Plato Data Intelligence.
Vertical Search & Ai.

CoinFund Leads $3.1M Bagel Network Round to Support Next-Gen Data Infra in web3 x AI Stack

Date:

7 min read

1 day ago

Bagel Network: The Next-Gen Computable Data Layer for AI

CoinFund is proud to lead a $3.1 million financing for Bagel Network, a startup building a decentralized protocol for collaborative embeddings datasets and expanding the decentralized AI computable data ecosystem. To get caught up on CoinFund’s ongoing research and investments on the emerging web3 x AI stack please see our previous content on Worldcoin, Giza, 2022 AI x web3 overview and our Gensyn seed thesis.
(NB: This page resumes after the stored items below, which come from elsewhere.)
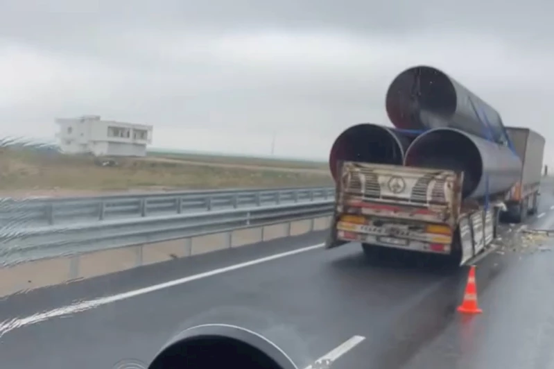 Sürücülerin ismi ve plakaları öğrenilmeyen demir boru yüklü tır, seyir halindeki başka bir tıra arkadan çarptı.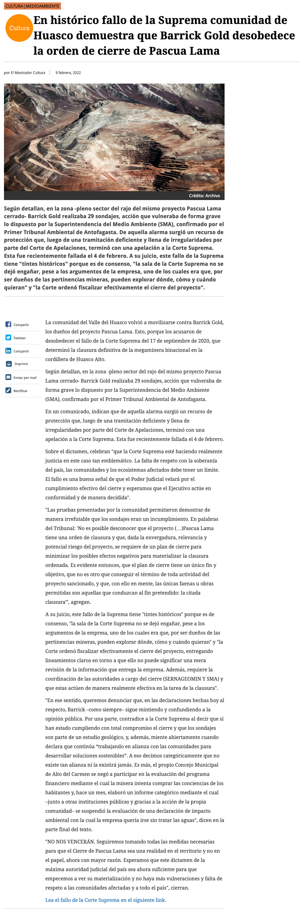 Corte Suprema ordenó fiscalizar incumplimientos al plan de cierre de Pascua Lama - (El Diario de Atacama)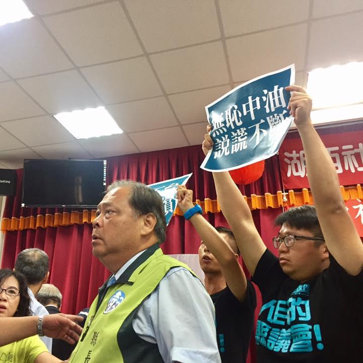 漏油事件再開說明會 西溪青年賴立凱高舉摻油水瓶要求中油董座戴...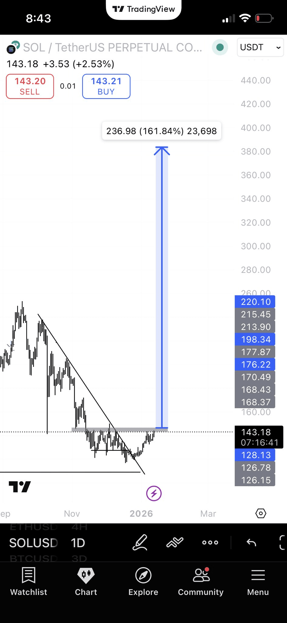 Восходящая ценовая динамика согласуется с позитивным настроением вокруг экосистемы Solana, включая рост активности на цепочке, развитие разработчиков и растущий интерес институциональных инвесторов. Пока SOL удерживается выше восстановленной поддержки, импульс благоприятствует продолжению движения.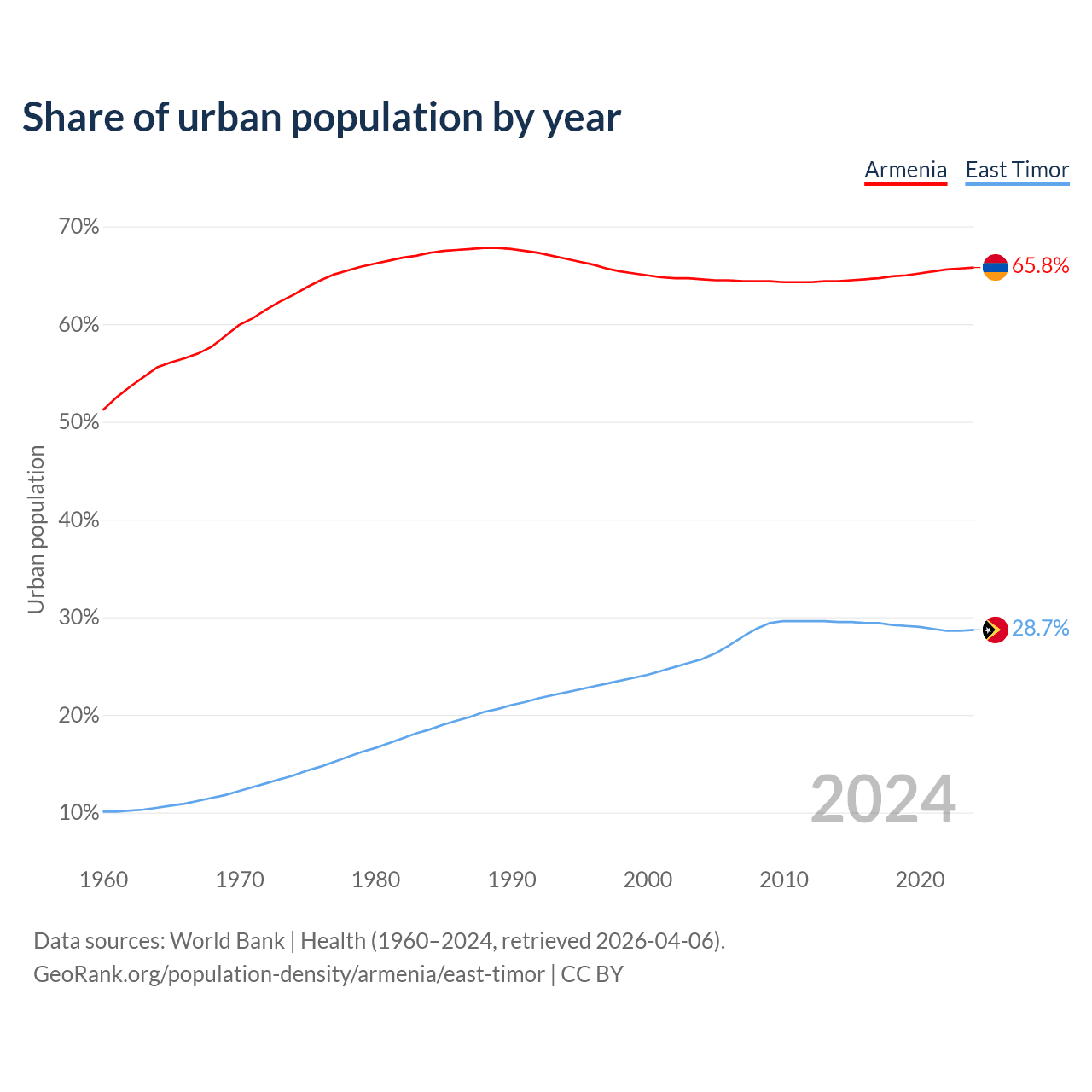 From 2004 to 2024, the share of urban population changed from 64.6% to 65.8% in Armenia and from 25.7% to 28.7% in East Timor.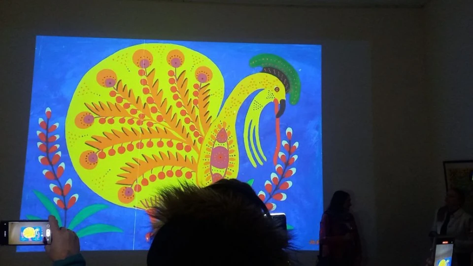 В Киеве в Национальном музее декоративного искусства представили первое мультимедийное шоу "Примаченко. Год дракона". Произведения художницы оцифровали и показали в форме анимационной ленты в сопровождении музыки.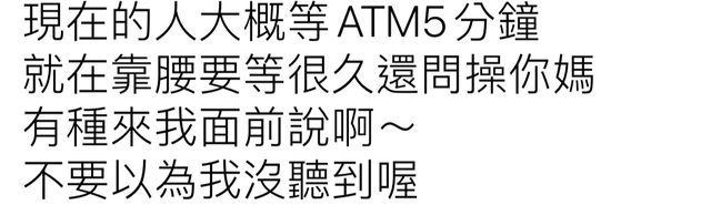 → Misscat16868: 轉帳,你是不是不知道ATM有這個功 223.137.70.177 11/23 09:36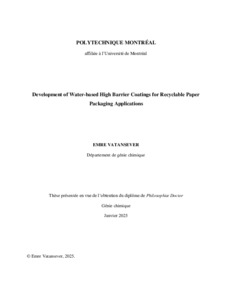 | Citer en APA 7: | Vatansever, E. (2025). Development of Water-Based High Barrier Coatings for Recyclable Paper Packaging Applications [Thèse de doctorat, Polytechnique Montréal]. PolyPublie. https://publications.polymtl.ca/62516/ |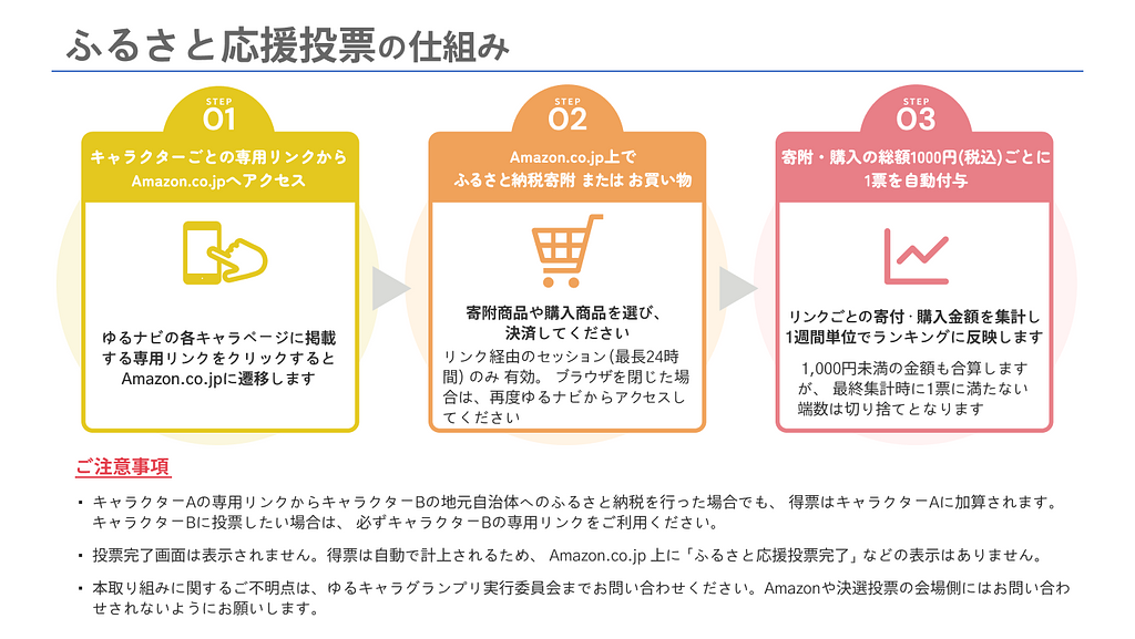 「ふるさと応援投票」は、各キャラクターページに掲載するクリックボタンからAmazon.co.jpにアクセスし、Amazonふるさと納税での寄附や通常のお買物をすると、購入や寄付の合計金額1,000円ごとに1ポイントが自動的に「ゆるバース2025」の投票に加算される仕組みです。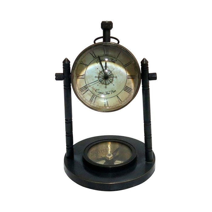 RELOGIO DE MESA COM BUSSOLA DE METAL PRETO BTC Decor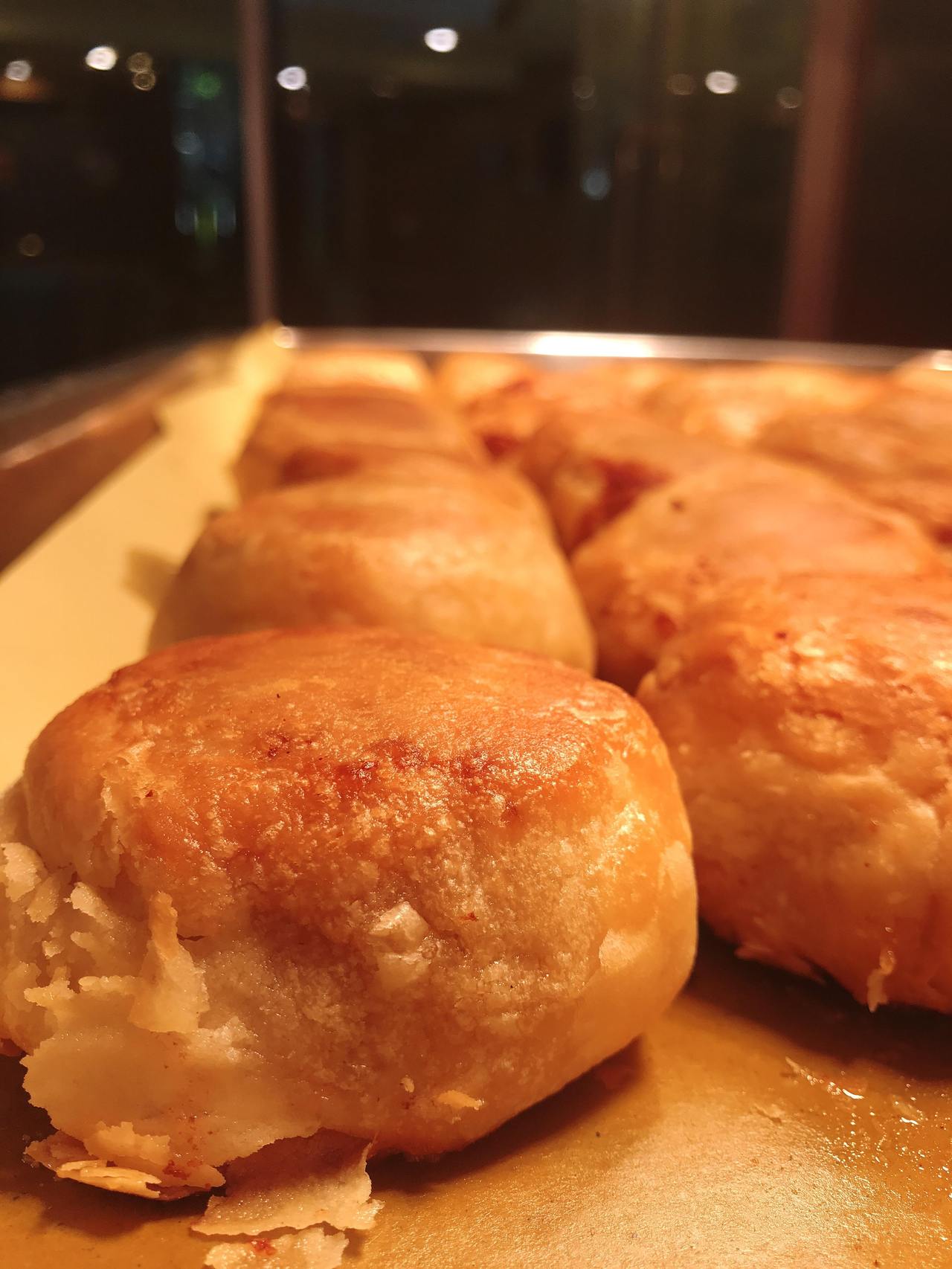 还有就是笔者小时候吃得最多的老大房。他们家卖的九芝斋鲜肉榨菜月饼,每只售价3元。一进门,隔老远就能闻到香味,拿到手还是烫乎乎的。掰开月饼,榨菜和肉粒分明,美中不足的是外面的月饼酥皮层次不够分明,咬下去有点实,虽然肉馅也不少,但入口总觉得“皮厚肉少”。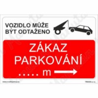 Bezpečnostní značení tabulkou, značkou nebo samolepkou "Zákaz parkování" tiskneme na vysoce kvalitním materiálu, barvami s vysokou odolností proti otěru a UV záření. Tím zajišťujeme splnění požadavků Nařízení vlády č. 375/2017 Sb., ČSN ISO 3864-1, ČSN ISO 3864-2, ČSN ISO 3864-3, ČSN ISO 3864-4. Používá se k označení míst a objektů (např. vjezd do garáže nebo do areálu), kde je zákaz parkování v určité vzdálenosti. Při porušení zákazu může být vozidlo odtaženo.Zákazové tabulky - Zákaz parkování
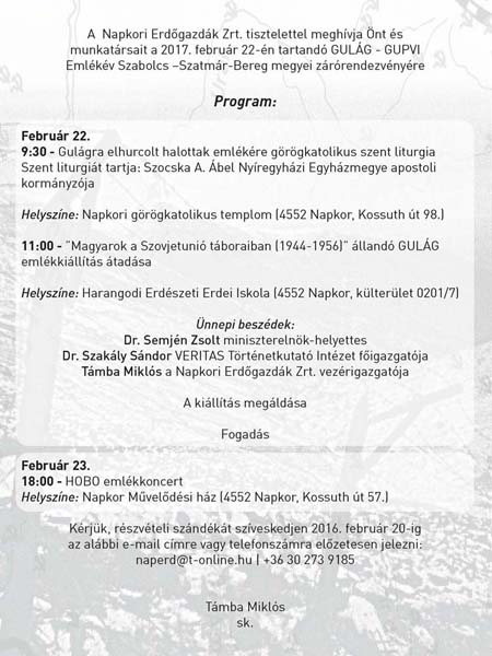 A Napkori Erdőgazdák Zrt. tisztelettel meghívja Önt és munkatársait a 2017. február 22-én tartandó GULÁG - GUPVI Emlékév Szabolcs-Szatmár-Bereg megyei zárórendezvényére.

Intro to Vector Embeddings

As an introduction, vector embeddings are a way to convert words, sentences, images, and other data into mathematical objects (vectors) while preserving individual and relative data. For example, an embedding could translate the word “apple” into a 200-dimensional vector based on the word’s context across a large dataset. This vector would capture the essential meaning of apple and its relationships to related concepts like fruit, orchard, pie, etc. While the primary applications in vector embeddings have been in text with flagship models such as Word2Vec and GloVe, vector embeddings can be produced for other kinds of data including image and audio data. This context is critical as AI development becomes increasingly focused on developing multi-modality where a model can process text, image, or audio and output any out of any of these three mediums as well. Furthermore, embedding models could be used to capture larger data types such as user-specific embeddings that capture user preferences, behaviors, and characteristics or product-level embeddings that capture a product’s attributes, features, or any other semantic information.

The Bagel Opportunity

The commercial opportunity for vector databases has grown rapidly over the past 12 months alongside the mainstream adoption of early consumer AI applications such as ChatGPT, Midjourney and Runway, just to name a few. Bagel is among the first web3-native attempts to combine a vector embeddings database with an incentivized marketplace protocol, leveraging web3 primitives to supercharge permissioned data and model sharing and collaboration, with a potential path to winning the web3-native category from both a product and an incentivized network perspective, and the ability to move quickly to preserve its early leadership given founder Bidhan Roy’s cross-disciplinary professional experience on the Amazon Alexa team, at Instacart and Arweave. We believe Bagel Network is a key enabler for the next generation of AI applications, whose adoption today remains bottlenecked by the ability to provide contextualized, highly applicable and use case-specific responses, gated by the insatiable demand for training data, especially as most of the world’s data remains unstructured.

While some web2 embeddings companies (both VC-funded and corporate spinouts) are part of the broader competitive set, Bagel Network has been able to ship quickly to advantage of its time-limited opportunity to lead the embeddings category from a web3-native perspective, with an already-live demo, SDK and pilot users. Longer term, we believe that Bagel’s approach of building a decentralized protocol and marketplace for indexed vector embedding datasets positions the network at the intersection of two mutually-reinforcing key trends — the rise of LLMs (and derivative applications) and the embrace of the permissionless, transparent and decentralized core values of web3.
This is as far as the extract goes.